28. Mai 2013 um 10:20

Aus der Kakophonie der täglichen Medienereignisse ragen wie „Weisse Clowns“ in der Zirkusmanege die Kolumnisten heraus. Sie bringen etwas Besinnung in den Vorbeimarsch von Ereignissen, die vom Leser meist nicht sicher beurteilt werden können. Der anhaltende Aufstieg der Kolumnisten beruht auf zwei Faktoren: Die Leser brauchen Meinungen, um ihre eigene daran entwickeln zu können und die Verlage sind deshalb dazu übergegangen „mehr Meinung“ in die eigenen Meinungsblätter zu bringen, um sich von der Konkurrenz abzuheben.

Weil für echte Essays in den dünn gewordenen Tageszeitungen  kaum noch Platz gefunden werden kann, ist mancher grosse Autor zum Kolumnisten geschrumpft worden. Das gilt auch für viele Chefredaktoren, deren Leitartikel meist den Umfang einer grösseren Kolumne nicht übersteigen und weit davon entfernt sind, jenes Gewicht zu haben, das man ihnen im letzten Jahrhundert noch zugesprochen hat.

Wenn die Pressesprecher der Bundesräte und die Generalsekretäre der Parteien am frühen Morgen den Bericht zur täglichen Medienlage abgeben, sind Leitartikel kaum noch ein Thema, entscheidender sind mediale Befunde zum politischen Tagesgeschäft wie Kommentare zu den handelnden Personen in der Parteispitze. Das ist die Chance der Kolumnisten auf der politischen Ebene.

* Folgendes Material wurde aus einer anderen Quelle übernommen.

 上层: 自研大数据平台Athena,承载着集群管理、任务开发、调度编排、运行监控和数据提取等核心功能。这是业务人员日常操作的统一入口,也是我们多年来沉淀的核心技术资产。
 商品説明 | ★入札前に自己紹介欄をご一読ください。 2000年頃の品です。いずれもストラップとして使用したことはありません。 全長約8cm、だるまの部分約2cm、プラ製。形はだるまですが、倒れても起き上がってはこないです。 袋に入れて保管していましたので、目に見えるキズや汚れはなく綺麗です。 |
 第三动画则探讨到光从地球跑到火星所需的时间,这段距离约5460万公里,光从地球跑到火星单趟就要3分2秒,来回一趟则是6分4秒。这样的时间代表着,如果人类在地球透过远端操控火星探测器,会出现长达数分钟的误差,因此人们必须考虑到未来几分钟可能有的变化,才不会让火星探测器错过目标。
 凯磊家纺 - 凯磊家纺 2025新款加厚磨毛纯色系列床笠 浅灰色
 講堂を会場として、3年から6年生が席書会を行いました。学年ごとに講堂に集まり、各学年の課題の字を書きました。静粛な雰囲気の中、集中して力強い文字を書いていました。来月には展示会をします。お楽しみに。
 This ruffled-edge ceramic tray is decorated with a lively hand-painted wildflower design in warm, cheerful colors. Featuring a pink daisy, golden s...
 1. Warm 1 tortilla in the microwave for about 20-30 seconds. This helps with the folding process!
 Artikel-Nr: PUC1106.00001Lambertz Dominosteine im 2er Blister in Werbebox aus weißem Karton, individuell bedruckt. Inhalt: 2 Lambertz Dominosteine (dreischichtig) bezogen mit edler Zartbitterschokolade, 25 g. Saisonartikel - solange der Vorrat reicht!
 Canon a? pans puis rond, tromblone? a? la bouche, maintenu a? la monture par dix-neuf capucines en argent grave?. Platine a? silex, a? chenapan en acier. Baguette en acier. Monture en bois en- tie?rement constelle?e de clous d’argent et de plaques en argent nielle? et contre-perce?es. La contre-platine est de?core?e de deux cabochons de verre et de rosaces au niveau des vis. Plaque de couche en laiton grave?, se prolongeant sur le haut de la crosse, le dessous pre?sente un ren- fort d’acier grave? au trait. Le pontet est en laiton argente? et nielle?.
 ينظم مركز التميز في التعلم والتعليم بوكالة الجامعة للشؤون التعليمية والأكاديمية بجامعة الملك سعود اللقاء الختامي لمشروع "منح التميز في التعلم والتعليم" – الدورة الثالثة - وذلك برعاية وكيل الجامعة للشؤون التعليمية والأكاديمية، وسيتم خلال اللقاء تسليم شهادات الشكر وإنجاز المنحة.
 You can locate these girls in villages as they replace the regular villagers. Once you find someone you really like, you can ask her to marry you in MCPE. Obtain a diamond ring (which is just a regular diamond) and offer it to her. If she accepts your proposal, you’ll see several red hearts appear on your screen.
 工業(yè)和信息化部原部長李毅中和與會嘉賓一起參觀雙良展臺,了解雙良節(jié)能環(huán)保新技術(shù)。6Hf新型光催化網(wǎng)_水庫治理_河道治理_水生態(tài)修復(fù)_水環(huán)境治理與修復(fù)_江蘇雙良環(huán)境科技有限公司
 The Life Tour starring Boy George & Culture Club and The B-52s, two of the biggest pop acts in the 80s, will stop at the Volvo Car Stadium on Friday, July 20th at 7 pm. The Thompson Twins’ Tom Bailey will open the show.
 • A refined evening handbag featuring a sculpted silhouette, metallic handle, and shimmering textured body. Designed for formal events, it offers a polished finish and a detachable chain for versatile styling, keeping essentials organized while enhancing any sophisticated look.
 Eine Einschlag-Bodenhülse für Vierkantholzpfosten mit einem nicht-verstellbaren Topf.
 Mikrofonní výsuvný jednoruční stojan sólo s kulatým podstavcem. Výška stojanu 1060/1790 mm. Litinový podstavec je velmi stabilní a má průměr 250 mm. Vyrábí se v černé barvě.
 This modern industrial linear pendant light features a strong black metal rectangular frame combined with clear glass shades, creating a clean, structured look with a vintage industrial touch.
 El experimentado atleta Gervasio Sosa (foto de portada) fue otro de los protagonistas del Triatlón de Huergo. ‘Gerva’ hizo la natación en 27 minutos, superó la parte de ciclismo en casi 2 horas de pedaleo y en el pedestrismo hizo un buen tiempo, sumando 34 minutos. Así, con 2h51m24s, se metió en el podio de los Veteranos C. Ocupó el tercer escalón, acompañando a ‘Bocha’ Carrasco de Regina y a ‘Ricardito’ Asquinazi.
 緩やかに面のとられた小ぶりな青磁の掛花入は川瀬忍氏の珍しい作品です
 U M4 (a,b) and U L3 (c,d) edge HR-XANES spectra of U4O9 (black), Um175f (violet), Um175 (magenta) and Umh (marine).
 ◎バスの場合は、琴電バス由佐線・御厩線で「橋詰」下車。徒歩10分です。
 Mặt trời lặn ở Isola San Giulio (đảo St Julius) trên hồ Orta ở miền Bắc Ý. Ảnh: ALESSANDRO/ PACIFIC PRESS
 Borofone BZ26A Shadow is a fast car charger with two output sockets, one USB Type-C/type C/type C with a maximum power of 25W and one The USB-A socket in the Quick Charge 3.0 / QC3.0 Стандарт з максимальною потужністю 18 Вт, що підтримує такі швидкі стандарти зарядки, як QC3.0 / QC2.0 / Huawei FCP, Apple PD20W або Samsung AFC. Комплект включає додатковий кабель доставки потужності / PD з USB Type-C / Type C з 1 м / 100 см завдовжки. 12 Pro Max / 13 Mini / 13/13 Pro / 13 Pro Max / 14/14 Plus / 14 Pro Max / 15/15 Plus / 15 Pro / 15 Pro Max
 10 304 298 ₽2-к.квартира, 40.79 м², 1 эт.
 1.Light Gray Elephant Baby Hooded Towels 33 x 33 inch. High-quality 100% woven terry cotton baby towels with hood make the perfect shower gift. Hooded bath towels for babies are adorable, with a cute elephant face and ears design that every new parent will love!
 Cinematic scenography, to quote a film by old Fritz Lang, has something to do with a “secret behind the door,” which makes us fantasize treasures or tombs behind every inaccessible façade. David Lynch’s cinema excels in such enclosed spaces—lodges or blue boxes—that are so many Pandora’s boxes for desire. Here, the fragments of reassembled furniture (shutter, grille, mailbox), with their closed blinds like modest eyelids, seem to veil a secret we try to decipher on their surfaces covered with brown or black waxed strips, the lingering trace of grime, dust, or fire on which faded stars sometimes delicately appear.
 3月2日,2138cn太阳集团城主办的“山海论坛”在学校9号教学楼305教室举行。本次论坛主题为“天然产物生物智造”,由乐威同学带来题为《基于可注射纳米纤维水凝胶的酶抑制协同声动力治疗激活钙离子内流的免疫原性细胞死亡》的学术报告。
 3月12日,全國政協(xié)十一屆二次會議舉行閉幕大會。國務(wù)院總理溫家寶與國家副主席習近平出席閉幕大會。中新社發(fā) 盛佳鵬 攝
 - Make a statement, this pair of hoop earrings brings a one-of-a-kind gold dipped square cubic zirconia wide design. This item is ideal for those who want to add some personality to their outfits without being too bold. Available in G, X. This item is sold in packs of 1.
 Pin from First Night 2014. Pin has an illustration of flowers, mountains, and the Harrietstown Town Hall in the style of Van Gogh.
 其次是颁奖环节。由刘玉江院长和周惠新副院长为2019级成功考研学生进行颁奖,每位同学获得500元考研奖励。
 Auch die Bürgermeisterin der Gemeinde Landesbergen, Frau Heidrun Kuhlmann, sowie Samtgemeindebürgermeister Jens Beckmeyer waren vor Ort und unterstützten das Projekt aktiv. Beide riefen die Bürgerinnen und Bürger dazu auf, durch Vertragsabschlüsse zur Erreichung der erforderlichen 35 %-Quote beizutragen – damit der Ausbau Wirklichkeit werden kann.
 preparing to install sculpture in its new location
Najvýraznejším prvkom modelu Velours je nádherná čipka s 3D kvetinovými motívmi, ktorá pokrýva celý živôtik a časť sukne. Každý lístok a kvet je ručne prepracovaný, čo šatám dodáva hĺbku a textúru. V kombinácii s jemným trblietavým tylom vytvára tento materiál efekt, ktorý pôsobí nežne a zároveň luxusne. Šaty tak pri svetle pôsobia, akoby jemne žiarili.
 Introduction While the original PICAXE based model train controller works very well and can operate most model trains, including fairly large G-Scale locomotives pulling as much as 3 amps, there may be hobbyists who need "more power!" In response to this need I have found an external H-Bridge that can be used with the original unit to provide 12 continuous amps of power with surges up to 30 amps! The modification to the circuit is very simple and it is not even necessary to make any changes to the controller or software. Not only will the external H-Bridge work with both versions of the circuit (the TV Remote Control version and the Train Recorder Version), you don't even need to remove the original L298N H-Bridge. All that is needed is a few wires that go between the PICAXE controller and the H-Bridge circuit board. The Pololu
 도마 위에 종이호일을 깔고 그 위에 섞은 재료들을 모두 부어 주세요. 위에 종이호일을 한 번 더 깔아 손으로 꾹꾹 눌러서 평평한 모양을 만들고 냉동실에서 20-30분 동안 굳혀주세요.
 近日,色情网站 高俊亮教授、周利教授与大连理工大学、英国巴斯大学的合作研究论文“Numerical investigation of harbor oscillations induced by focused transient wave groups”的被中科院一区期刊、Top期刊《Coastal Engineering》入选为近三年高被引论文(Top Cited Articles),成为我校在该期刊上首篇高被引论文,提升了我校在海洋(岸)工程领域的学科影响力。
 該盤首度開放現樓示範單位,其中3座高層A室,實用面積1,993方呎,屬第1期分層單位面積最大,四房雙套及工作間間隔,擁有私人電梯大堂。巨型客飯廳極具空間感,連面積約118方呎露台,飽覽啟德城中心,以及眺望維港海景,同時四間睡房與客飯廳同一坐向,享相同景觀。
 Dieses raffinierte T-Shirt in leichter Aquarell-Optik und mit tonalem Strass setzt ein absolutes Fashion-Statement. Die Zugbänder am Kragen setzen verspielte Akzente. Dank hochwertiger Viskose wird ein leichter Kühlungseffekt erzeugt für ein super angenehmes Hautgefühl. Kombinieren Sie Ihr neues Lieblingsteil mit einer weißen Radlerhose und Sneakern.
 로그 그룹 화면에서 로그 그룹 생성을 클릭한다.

Leitartikel, Essays und Kolumnen zur wirtschaftlichen, sozialen und kulturellen Lage sind noch seltener geworden. Einige Redaktionen bieten regelmässig  3500 bis 4000 Zeichen Platz, um Parteigutachten oder die Kommentare scheinbar unabhängiger Intellektueller in Form einer Kolumne wiederzugeben. Weil persönlicher Hintergrund und aktuelle Interessenlage der Autoren seitens der Redaktion  geduldet oder zu wenig ermittelt werden, wird daraus sehr oft ein Appell in eigener oder zugunsten fremder Sache. Der Kolumnist outet sich als Lobbyist.

In einer Gesellschaft wie der schweizerischen, die unter dem Druck der Globalisierung zunehmend in Mikro-Partikel zerfällt, kann der einzelne Kolumnist – im Unterschied zum echten Leitartikler – nur Teile der Leserschaft bedienen. Diese Fokussierung ist oft auch ganz im Interesse des Kolumnisten, weil er damit jenes Publikum bedient, das ihn ohnehin kennt; dort erfährt er eine Wertsteigerung.

Wenn wir nun dieses Feld aktiver Kolumnisten einmal aufrollen, unterscheide ich der Einfachheit halber zwischen strukturellen Denkern und Schreibern oder Chaoten. Grosses Vorbild wie verhasster Dämon vieler Kolumnisten war der Ringier-Publizist Frank A. Meyer, der als Kolumnist wie wenig erfolgreicher Einflüsterer von Bundesräten heute in einer monothematischen Rolle des Mahners festgefahren ist. Wo die „city rollers“ ihr Geschäft machen, ruft er nach dem klassischen „citoyen“ des 19. Jahrhunderts. Damit in Berlin und in Bern wenig erfolgreich, fällt er in die Rolle des „crooners“ zurück, dessen  Botschaft nostalgisch geworden ist. Einige Zeit hat sich auf diesem Gebiet der aus der Ostschweiz kommende Zolliker Philosoph und Essayist Ludwig Hasler halten können. Eine Spur liberaler als FAM, zählt er heute zu den eher Unzeitgemässen, die sich in der Wiederholung erschöpfen.

Dort ist auch Max Frenkel angesiedelt, der als Kolumnist und Ghostwriter rechtsbürgerlicher Kreise einige gute Jahre hatte, nun aber im Basler Winkel tätig ist. Auch der Oltner Poet Peter Bichsel hält sich auf dieser untersten Stufe der Schriftstellerei. Seine traktatähnlichen Kolumnen treffenden auf die Müdigkeit eines erschöpften Bürgertums, das intellektuelle Nahrung nur noch schlürfend aufnehmen kann.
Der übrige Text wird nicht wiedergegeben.